Насмешливые нотки, прорывавшиеся в речах Крейслера, не дошли до слуха принцессы, заглушенные звуком струны, которую он затронул и которая всего сильнее натянута в женском сердце, звуча громче всех остальных.
– Любовь художника, – сказала она, опускаясь в кресло, и как бы в раздумьи опустила голову на руку, – любовь художника! Быть так любимой! О, это дивный, небесный сон, но только сон, несбыточный сон!

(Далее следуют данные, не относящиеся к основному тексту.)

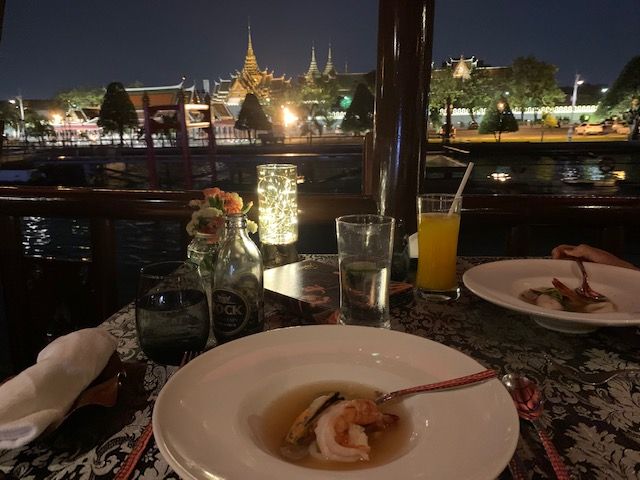ICONSIAMの目の前の埠頭から乗船。川から眺めるバンコクの夜景は最高です。乗務員の方々も親切で、写真をたくさん撮って下さいました。ダイニングルームに移動し、ダイナーが始まったあたりから、大雨が!でも、雨越しにライトアップされたワットアルンや、王宮は素敵でした。
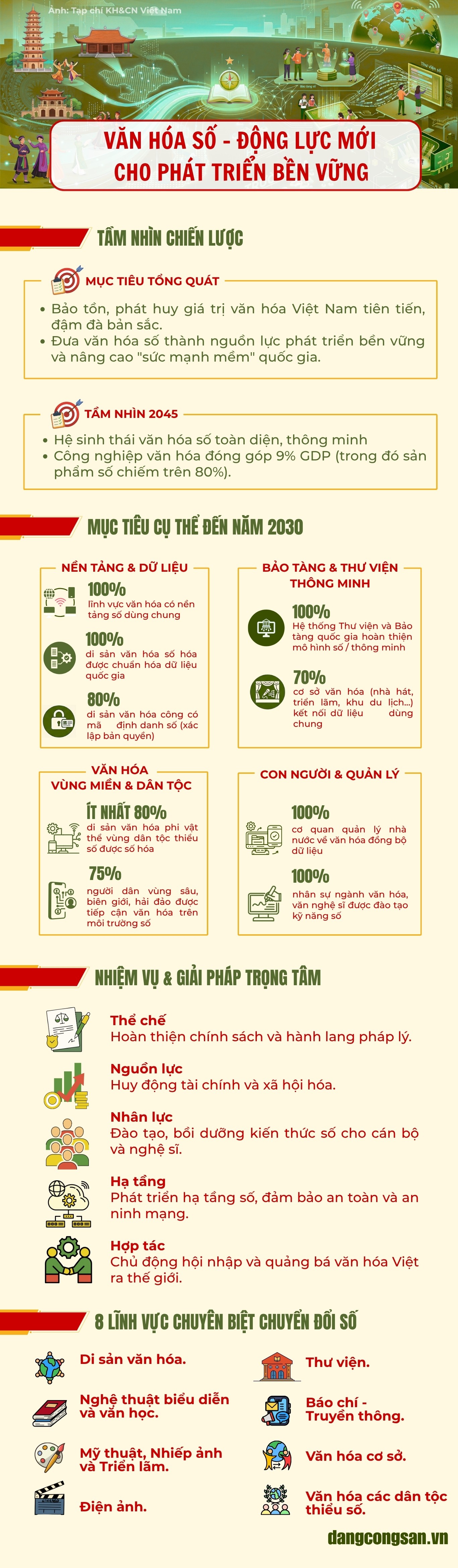 Đề án "Chuyển đổi số trong lĩnh vực văn hóa đến năm 2030, tầm nhìn đến năm 2045" đặt ra mục tiêu hiện đại hóa toàn diện hệ sinh thái văn hóa số quốc gia nhằm bảo tồn và phát huy giá trị văn hóa Việt Nam tiên tiến, đậm đà bản sắc dân tộc, giàu sáng tạo và chủ động hội nhập quốc tế.
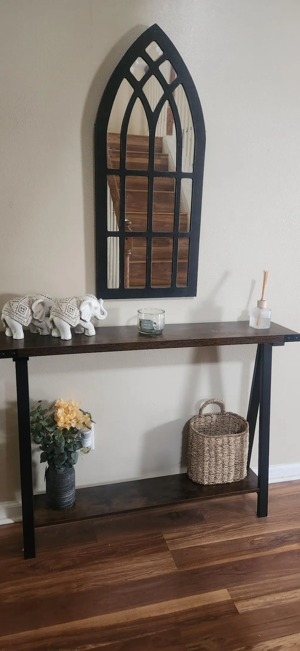 With its farmhouse-inspired design, durable construction, and versatile functionality, this console table combines style with practicality. The metal frame ensures stability, making it suitable for various uses throughout your home.

– Вы, кажется, не очень склонны к снам, ваше высочество, – продолжал Крейслер, – но, к несчастью, только во сне вырастают у нас бабочкины крылья, с которыми мы вылетаем из узкого круга и, блестя и переливаясь, поднимаемся в высшие сферы. У всякого человека есть потребность летать, и я знал серьезных и приличных людей, которые по вечерам напивались шампанского для того, чтобы устроить ночью нечто вроде полета на воздушном шаре.
– И знать, что тебя так любят! – повторила принцесса с большим волнением.
Когда она замолкла, Крейслер заговорил снова:
– Что же касается любви художников, которую я постарался изобразить вам, ваше высочество, то у вас перед глазами дурной пример Леонгарда Эттлингера; он был музыкантом и хотел любить как добрые люди; вследствие этого несколько помутился его прекрасный разум, и потому я думаю, что он не был истинным музыкантом. Те носят возлюбленную в своем сердце и желают петь, сочинять и писать только ей во славу. По утонченней любезности можно сравнить их с рыцарями, но только в самых невинных вещах, так как они не выезжают, как те, на кровавые схватки, повергая во прах, для прославления дамы сердца, лучших людей, если нет под рукой драконов и великанов.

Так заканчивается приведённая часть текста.